Trends in major adverse cardiac events and healthcare utilization during the COVID-19 pandemic in Alberta, Canada.

作者信息

Mackinnon Erin S, Anderson Todd, Raggi Paulo, Gregoire Jean, Wani Rajvi J, Packalen Millicent S, Graves Erin, Ekwaru Paul, McMullen Suzanne, Goodman Shaun G

机构信息

Amgen Canada Inc., Mississauga, Ontario, Canada.
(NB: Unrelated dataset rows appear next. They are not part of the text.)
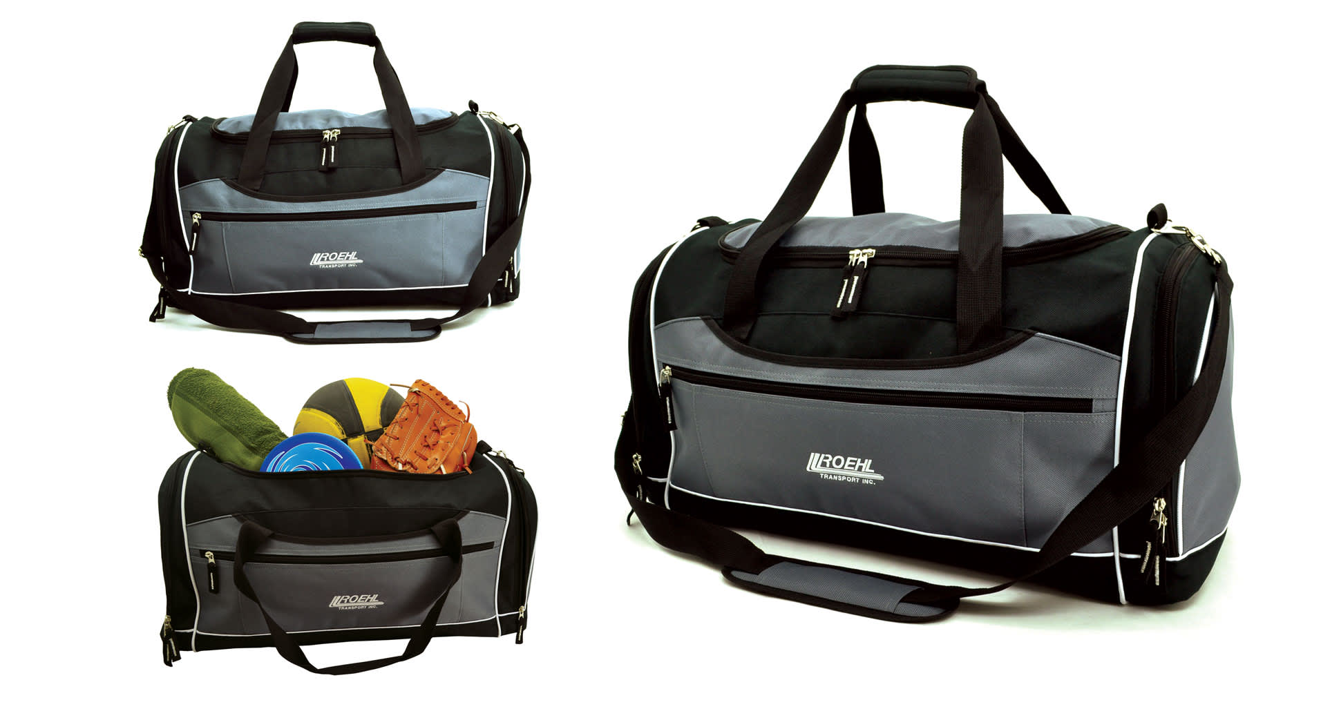 Large centre compartment with U-shaped opening, Large zippered insulation pockets at both sides, One zippered and one open pocket at the front, Removable and adjustable contrast shoulder strap and carry handle, Studded base for durability
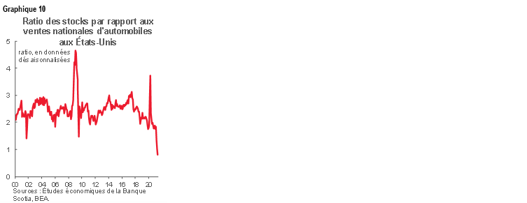 C’est dans les concessions automobiles que la pénurie est le plus évidente. Les niveaux de stocks en pourcentage des ventes aux États-Unis ont été inférieurs à un pour la première fois dans les annales en mai (graphique 10). Selon Wards Automotive, le nombre de jours d’épuisement des stocks (soit le délai dans lequel on est à court de stock) s’est inscrit à 27 jours à peine en juin — soit la moitié de ce qu’il était il y a un an, ce qui est nettement inférieur à la moyenne prépandémique de 67 jours pour juin. De même, le nombre de jours d’épuisement des stocks au Canada continue d’évoluer tendanciellement en baisse en date de juin, et il n’y a toujours encore aucun signe que la situation bascule. Sans surprise, une enquête statistique de la Corporation des associations de détaillants d’automobiles nous apprend que 91 % des concessionnaires s’inquiètent des pénuries de stocks.
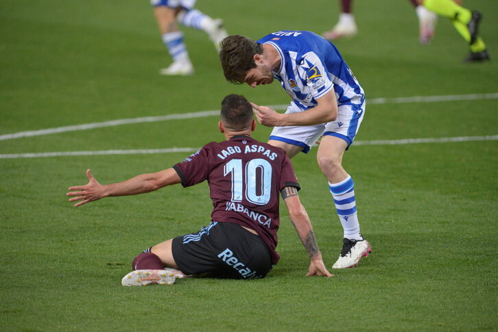 Realaren eta Celtaren arteko futbol partidan Elustondok zerbait esaten dio Aspasi.
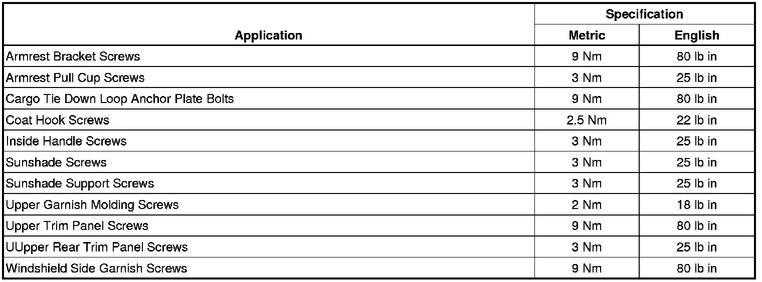 Fastener Tightening Specifications
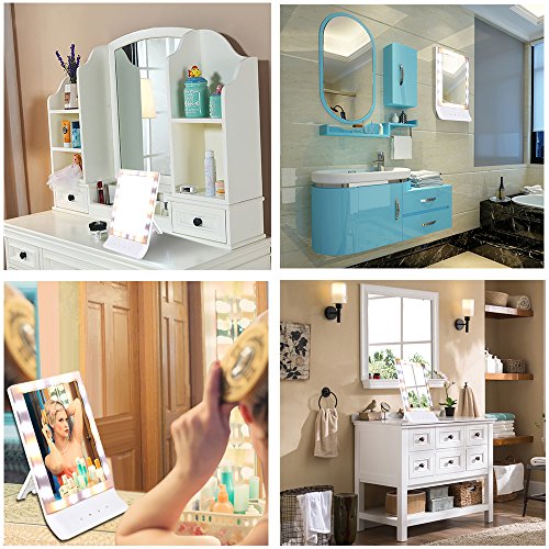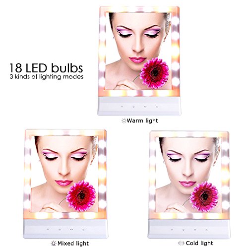 ❀3 lights modes makeup mirror: 18 pieces LED bulbs (12 cool white & 6 warm white) with 3 kinds of lights modes: Mixed light, Warm light, Cold light. You can choose different modes depending on the brightness of the lighting on different occasion, give you a beautiful makeup anytime and anywhere.
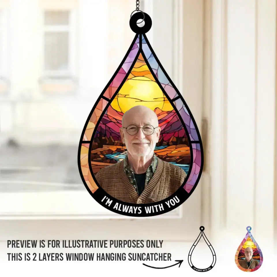 Custom Photo We're Always With You - Memorial Personalized Window Hanging Suncatcher - Sympathy Gift For Family Members
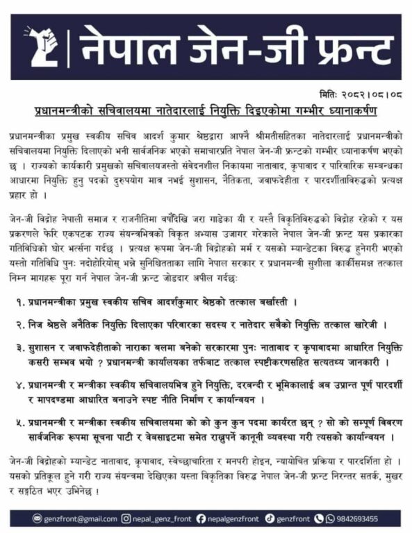 फ्रन्टले एक विज्ञप्ति जारी गर्दै भनेको छ, ‘प्रधानमन्त्रीका प्रमुख स्वकीय सचिव आदर्शकुमार श्रेष्ठद्वारा आफ्नै श्रीमतीसहितका नातेदारलाई प्रधानमन्त्रीको सचिवालयमा नियुक्ति दिलाएको भनी सार्वजनिक भएको समाचारप्रति नेपाल जेनजी फ्रन्टले गम्भीर ध्यानाकर्षण भएको छ।’
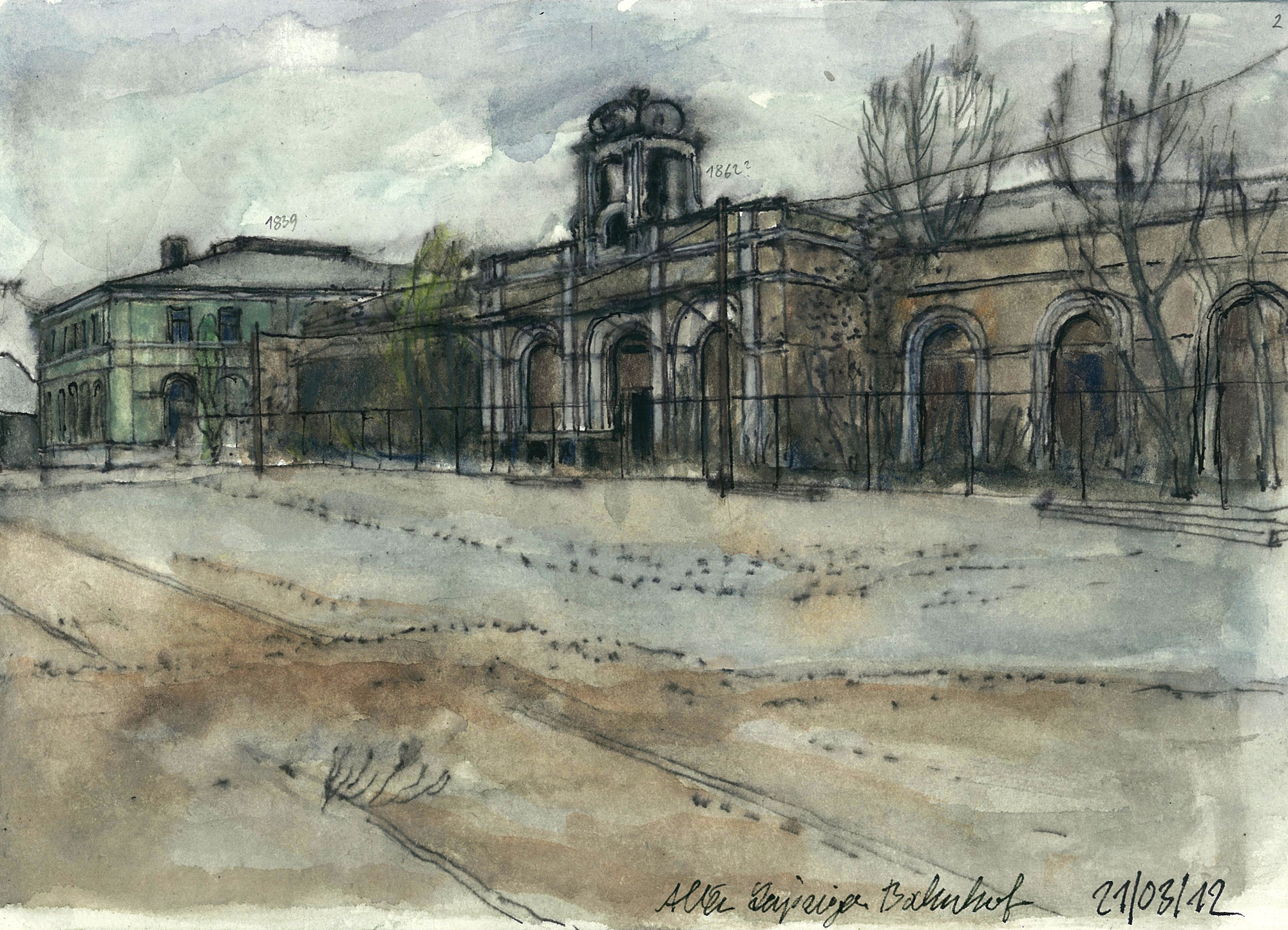 Fünf Jahre später malte Christian Helms das alte Empfangsgebäude noch einmal und wählte dafür eine andere Perspektive.

University of Calgary, Calgary, Alberta, Canada.

出版信息

CJC Open. 2023 Jun 22;5(10):719-27. doi: 10.1016/j.cjco.2023.06.004.

Abstract

BACKGROUND

Atherosclerotic cardiovascular disease (ASCVD) is a leading cause of morbidity and mortality in Canada. The COVID-19 pandemic altered the usual care of ambulatory and acute cardiac patients. This study aimed to describe ASCVD-related clinical outcomes and healthcare resource utilization (HCRU) patterns during the coronavirus disease 2019 (COVID-19) pandemic in Alberta, Canada, relative to the three preceding years.

METHODS

A repeated cross-sectional study design was conducted over three-month periods using administrative health data between March 15, 2017, and March 14, 2021. ASCVD-related clinical outcomes included major adverse cardiovascular events (MACE) endpoints. HCRU was assessed through general practitioner and other healthcare professional visits (including telehealth claims) for ASCVD events, emergency department visits, ASCVD diagnostic imaging tests, laboratory tests, and hospital length of stay.

RESULTS

Relative to the control year period (March to June 2019) ASCVD-related events (i.e., hospitalizations, emergency department (ED) visits and physician office visits) declined by 23% during the three-months COVID-19 period (March to June 2020). Acute declines were not sustained following June 2020. In contrast, in-patient mortality rates involving a primary MACE endpoint increased from March to June 2020 COVID-19 period.

CONCLUSIONS

This study demonstrates the COVID-19 pandemic and corresponding public health restrictions impacted ASCVD-related care. While many clinical outcomes returned to pre-pandemic levels at the end of the observation period, our results suggest that patients' HCRU declined, which could lead to further CV events and mortality. Understanding the impact of COVID-19 restrictions on ASCVD-related care may help improve healthcare resiliency.

摘要

背景

动脉粥样硬化性心血管疾病(ASCVD)是加拿大发病和死亡的主要原因。2019冠状病毒病(COVID-19)大流行改变了门诊和急性心脏病患者的常规护理。本研究旨在描述加拿大艾伯塔省2019冠状病毒病(COVID-19)大流行期间相对于前三年的ASCVD相关临床结局和医疗资源利用(HCRU)模式。

方法

采用重复横断面研究设计,在2017年3月15日至2021年3月14日期间使用行政卫生数据,每三个月进行一次研究。ASCVD相关临床结局包括主要不良心血管事件(MACE)终点。通过全科医生和其他医疗专业人员对ASCVD事件的就诊(包括远程医疗索赔)、急诊科就诊、ASCVD诊断成像检查、实验室检查和住院时间来评估HCRU。

结果

与对照年份期间(2019年3月至6月)相比,在COVID-19期间的三个月(2020年3月至6月),ASCVD相关事件(即住院、急诊科(ED)就诊和医生办公室就诊)下降了23%。2020年6月之后,急性下降趋势并未持续。相比之下,在2020年3月至6月COVID-19期间,涉及主要MACE终点的住院死亡率有所上升。

结论

本研究表明,COVID-19大流行及相应的公共卫生限制措施影响了ASCVD相关护理。虽然许多临床结局在观察期结束时恢复到了大流行前的水平,但我们的结果表明患者的HCRU下降,这可能导致进一步的心血管事件和死亡。了解COVID-19限制措施对ASCVD相关护理的影响可能有助于提高医疗保健的恢复能力。